**Dataset records**:
........

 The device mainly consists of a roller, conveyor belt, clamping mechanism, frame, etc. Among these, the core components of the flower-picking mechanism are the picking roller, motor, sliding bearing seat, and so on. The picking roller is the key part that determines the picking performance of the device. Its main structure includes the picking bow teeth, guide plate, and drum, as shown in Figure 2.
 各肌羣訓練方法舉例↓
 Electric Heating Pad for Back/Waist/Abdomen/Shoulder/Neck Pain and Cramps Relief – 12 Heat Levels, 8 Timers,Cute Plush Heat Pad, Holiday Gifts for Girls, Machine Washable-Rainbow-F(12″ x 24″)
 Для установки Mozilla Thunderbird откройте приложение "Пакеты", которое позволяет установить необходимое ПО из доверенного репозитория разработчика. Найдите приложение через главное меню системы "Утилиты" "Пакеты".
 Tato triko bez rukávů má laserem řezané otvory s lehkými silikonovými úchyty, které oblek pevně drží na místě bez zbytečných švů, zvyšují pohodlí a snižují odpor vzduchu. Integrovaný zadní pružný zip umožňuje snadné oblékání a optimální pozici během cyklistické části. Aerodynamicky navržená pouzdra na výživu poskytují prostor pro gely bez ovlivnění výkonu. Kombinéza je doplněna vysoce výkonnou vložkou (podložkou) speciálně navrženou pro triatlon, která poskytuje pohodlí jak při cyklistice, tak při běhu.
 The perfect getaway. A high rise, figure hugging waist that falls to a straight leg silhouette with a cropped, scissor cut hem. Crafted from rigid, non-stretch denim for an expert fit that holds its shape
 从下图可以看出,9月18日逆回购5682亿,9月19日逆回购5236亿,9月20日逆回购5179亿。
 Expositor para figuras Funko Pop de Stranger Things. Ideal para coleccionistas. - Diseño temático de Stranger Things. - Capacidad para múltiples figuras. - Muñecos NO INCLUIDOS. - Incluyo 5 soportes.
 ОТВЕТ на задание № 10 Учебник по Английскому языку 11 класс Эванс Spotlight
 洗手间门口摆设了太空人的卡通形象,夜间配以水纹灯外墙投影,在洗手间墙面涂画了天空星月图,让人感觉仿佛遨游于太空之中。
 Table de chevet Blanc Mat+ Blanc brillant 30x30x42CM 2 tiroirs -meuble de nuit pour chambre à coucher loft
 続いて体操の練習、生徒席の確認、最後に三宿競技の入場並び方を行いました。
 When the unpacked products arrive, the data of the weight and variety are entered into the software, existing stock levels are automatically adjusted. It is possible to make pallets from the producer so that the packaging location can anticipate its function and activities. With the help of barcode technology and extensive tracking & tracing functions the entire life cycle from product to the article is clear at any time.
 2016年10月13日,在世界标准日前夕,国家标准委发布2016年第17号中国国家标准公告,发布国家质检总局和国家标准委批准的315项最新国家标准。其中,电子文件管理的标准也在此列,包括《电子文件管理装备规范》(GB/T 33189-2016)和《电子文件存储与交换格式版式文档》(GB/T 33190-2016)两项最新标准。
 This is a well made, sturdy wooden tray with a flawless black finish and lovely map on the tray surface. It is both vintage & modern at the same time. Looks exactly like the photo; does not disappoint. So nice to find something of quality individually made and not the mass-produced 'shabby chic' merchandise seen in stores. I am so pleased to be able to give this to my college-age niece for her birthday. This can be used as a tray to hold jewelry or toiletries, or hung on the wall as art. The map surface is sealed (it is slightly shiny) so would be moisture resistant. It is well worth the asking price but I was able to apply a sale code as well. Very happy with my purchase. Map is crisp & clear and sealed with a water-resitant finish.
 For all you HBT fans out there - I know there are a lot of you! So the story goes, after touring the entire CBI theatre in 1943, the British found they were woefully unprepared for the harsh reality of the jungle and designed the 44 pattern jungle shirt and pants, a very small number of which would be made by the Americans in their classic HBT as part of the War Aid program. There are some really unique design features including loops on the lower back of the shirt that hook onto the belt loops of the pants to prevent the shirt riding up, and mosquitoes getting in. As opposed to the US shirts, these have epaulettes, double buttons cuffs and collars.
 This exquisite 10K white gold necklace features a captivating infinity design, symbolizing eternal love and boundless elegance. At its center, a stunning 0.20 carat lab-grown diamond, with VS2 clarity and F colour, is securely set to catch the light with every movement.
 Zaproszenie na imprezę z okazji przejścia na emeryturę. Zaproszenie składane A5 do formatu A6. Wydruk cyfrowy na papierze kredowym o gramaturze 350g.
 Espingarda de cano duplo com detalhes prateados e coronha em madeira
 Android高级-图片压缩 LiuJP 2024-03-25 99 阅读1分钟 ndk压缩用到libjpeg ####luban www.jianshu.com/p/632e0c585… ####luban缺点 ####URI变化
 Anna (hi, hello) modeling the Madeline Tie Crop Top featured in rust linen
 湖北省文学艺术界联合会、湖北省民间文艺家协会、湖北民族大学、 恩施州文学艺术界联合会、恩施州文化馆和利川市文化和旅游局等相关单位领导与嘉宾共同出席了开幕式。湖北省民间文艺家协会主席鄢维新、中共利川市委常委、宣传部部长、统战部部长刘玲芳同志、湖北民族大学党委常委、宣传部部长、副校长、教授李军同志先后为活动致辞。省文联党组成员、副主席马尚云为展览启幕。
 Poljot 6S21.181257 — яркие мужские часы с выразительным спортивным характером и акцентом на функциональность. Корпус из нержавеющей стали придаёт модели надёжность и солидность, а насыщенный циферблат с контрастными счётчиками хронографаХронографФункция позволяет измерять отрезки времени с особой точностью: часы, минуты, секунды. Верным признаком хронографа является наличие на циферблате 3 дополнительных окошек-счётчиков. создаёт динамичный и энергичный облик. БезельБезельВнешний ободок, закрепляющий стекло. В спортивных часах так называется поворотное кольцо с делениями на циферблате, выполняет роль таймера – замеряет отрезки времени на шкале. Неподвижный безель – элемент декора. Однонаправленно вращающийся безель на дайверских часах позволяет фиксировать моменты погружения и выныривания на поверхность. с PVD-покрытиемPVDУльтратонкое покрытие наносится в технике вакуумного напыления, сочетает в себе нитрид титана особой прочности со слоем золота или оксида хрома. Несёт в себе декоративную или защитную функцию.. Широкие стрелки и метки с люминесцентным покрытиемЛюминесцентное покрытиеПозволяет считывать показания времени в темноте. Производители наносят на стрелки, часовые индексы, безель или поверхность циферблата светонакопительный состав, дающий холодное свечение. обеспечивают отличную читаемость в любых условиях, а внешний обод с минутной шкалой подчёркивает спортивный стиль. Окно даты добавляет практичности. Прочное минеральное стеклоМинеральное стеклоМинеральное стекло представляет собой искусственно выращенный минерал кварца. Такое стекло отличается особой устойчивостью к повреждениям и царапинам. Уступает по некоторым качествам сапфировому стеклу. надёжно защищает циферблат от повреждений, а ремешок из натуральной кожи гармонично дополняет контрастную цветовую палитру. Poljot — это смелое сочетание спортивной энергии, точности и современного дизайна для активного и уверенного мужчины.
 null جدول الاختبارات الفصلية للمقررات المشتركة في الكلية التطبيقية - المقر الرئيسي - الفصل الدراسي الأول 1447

........

Every line of the listing is to be transcribed exactly.

 The device mainly consists of a roller, conveyor belt, clamping mechanism, frame, etc. Among these, the core components of the flower-picking mechanism are the picking roller, motor, sliding bearing seat, and so on. The picking roller is the key part that determines the picking performance of the device. Its main structure includes the picking bow teeth, guide plate, and drum, as shown in Figure 2.
 各肌羣訓練方法舉例↓
 Electric Heating Pad for Back/Waist/Abdomen/Shoulder/Neck Pain and Cramps Relief – 12 Heat Levels, 8 Timers,Cute Plush Heat Pad, Holiday Gifts for Girls, Machine Washable-Rainbow-F(12″ x 24″)
 Для установки Mozilla Thunderbird откройте приложение "Пакеты", которое позволяет установить необходимое ПО из доверенного репозитория разработчика. Найдите приложение через главное меню системы "Утилиты" "Пакеты".
 Tato triko bez rukávů má laserem řezané otvory s lehkými silikonovými úchyty, které oblek pevně drží na místě bez zbytečných švů, zvyšují pohodlí a snižují odpor vzduchu. Integrovaný zadní pružný zip umožňuje snadné oblékání a optimální pozici během cyklistické části. Aerodynamicky navržená pouzdra na výživu poskytují prostor pro gely bez ovlivnění výkonu. Kombinéza je doplněna vysoce výkonnou vložkou (podložkou) speciálně navrženou pro triatlon, která poskytuje pohodlí jak při cyklistice, tak při běhu.
 The perfect getaway. A high rise, figure hugging waist that falls to a straight leg silhouette with a cropped, scissor cut hem. Crafted from rigid, non-stretch denim for an expert fit that holds its shape
 从下图可以看出,9月18日逆回购5682亿,9月19日逆回购5236亿,9月20日逆回购5179亿。
 Expositor para figuras Funko Pop de Stranger Things. Ideal para coleccionistas. - Diseño temático de Stranger Things. - Capacidad para múltiples figuras. - Muñecos NO INCLUIDOS. - Incluyo 5 soportes.
 ОТВЕТ на задание № 10 Учебник по Английскому языку 11 класс Эванс Spotlight
 洗手间门口摆设了太空人的卡通形象,夜间配以水纹灯外墙投影,在洗手间墙面涂画了天空星月图,让人感觉仿佛遨游于太空之中。
 Table de chevet Blanc Mat+ Blanc brillant 30x30x42CM 2 tiroirs -meuble de nuit pour chambre à coucher loft
 続いて体操の練習、生徒席の確認、最後に三宿競技の入場並び方を行いました。
 When the unpacked products arrive, the data of the weight and variety are entered into the software, existing stock levels are automatically adjusted. It is possible to make pallets from the producer so that the packaging location can anticipate its function and activities. With the help of barcode technology and extensive tracking & tracing functions the entire life cycle from product to the article is clear at any time.
 2016年10月13日,在世界标准日前夕,国家标准委发布2016年第17号中国国家标准公告,发布国家质检总局和国家标准委批准的315项最新国家标准。其中,电子文件管理的标准也在此列,包括《电子文件管理装备规范》(GB/T 33189-2016)和《电子文件存储与交换格式版式文档》(GB/T 33190-2016)两项最新标准。
 This is a well made, sturdy wooden tray with a flawless black finish and lovely map on the tray surface. It is both vintage & modern at the same time. Looks exactly like the photo; does not disappoint. So nice to find something of quality individually made and not the mass-produced 'shabby chic' merchandise seen in stores. I am so pleased to be able to give this to my college-age niece for her birthday. This can be used as a tray to hold jewelry or toiletries, or hung on the wall as art. The map surface is sealed (it is slightly shiny) so would be moisture resistant. It is well worth the asking price but I was able to apply a sale code as well. Very happy with my purchase. Map is crisp & clear and sealed with a water-resitant finish.
 For all you HBT fans out there - I know there are a lot of you! So the story goes, after touring the entire CBI theatre in 1943, the British found they were woefully unprepared for the harsh reality of the jungle and designed the 44 pattern jungle shirt and pants, a very small number of which would be made by the Americans in their classic HBT as part of the War Aid program. There are some really unique design features including loops on the lower back of the shirt that hook onto the belt loops of the pants to prevent the shirt riding up, and mosquitoes getting in. As opposed to the US shirts, these have epaulettes, double buttons cuffs and collars.
 This exquisite 10K white gold necklace features a captivating infinity design, symbolizing eternal love and boundless elegance. At its center, a stunning 0.20 carat lab-grown diamond, with VS2 clarity and F colour, is securely set to catch the light with every movement.
 Zaproszenie na imprezę z okazji przejścia na emeryturę. Zaproszenie składane A5 do formatu A6. Wydruk cyfrowy na papierze kredowym o gramaturze 350g.
 Espingarda de cano duplo com detalhes prateados e coronha em madeira
 Android高级-图片压缩 LiuJP 2024-03-25 99 阅读1分钟 ndk压缩用到libjpeg ####luban www.jianshu.com/p/632e0c585… ####luban缺点 ####URI变化
 Anna (hi, hello) modeling the Madeline Tie Crop Top featured in rust linen
 湖北省文学艺术界联合会、湖北省民间文艺家协会、湖北民族大学、 恩施州文学艺术界联合会、恩施州文化馆和利川市文化和旅游局等相关单位领导与嘉宾共同出席了开幕式。湖北省民间文艺家协会主席鄢维新、中共利川市委常委、宣传部部长、统战部部长刘玲芳同志、湖北民族大学党委常委、宣传部部长、副校长、教授李军同志先后为活动致辞。省文联党组成员、副主席马尚云为展览启幕。
 Poljot 6S21.181257 — яркие мужские часы с выразительным спортивным характером и акцентом на функциональность. Корпус из нержавеющей стали придаёт модели надёжность и солидность, а насыщенный циферблат с контрастными счётчиками хронографаХронографФункция позволяет измерять отрезки времени с особой точностью: часы, минуты, секунды. Верным признаком хронографа является наличие на циферблате 3 дополнительных окошек-счётчиков. создаёт динамичный и энергичный облик. БезельБезельВнешний ободок, закрепляющий стекло. В спортивных часах так называется поворотное кольцо с делениями на циферблате, выполняет роль таймера – замеряет отрезки времени на шкале. Неподвижный безель – элемент декора. Однонаправленно вращающийся безель на дайверских часах позволяет фиксировать моменты погружения и выныривания на поверхность. с PVD-покрытиемPVDУльтратонкое покрытие наносится в технике вакуумного напыления, сочетает в себе нитрид титана особой прочности со слоем золота или оксида хрома. Несёт в себе декоративную или защитную функцию.. Широкие стрелки и метки с люминесцентным покрытиемЛюминесцентное покрытиеПозволяет считывать показания времени в темноте. Производители наносят на стрелки, часовые индексы, безель или поверхность циферблата светонакопительный состав, дающий холодное свечение. обеспечивают отличную читаемость в любых условиях, а внешний обод с минутной шкалой подчёркивает спортивный стиль. Окно даты добавляет практичности. Прочное минеральное стеклоМинеральное стеклоМинеральное стекло представляет собой искусственно выращенный минерал кварца. Такое стекло отличается особой устойчивостью к повреждениям и царапинам. Уступает по некоторым качествам сапфировому стеклу. надёжно защищает циферблат от повреждений, а ремешок из натуральной кожи гармонично дополняет контрастную цветовую палитру. Poljot — это смелое сочетание спортивной энергии, точности и современного дизайна для активного и уверенного мужчины.
 null جدول الاختبارات الفصلية للمقررات المشتركة في الكلية التطبيقية - المقر الرئيسي - الفصل الدراسي الأول 1447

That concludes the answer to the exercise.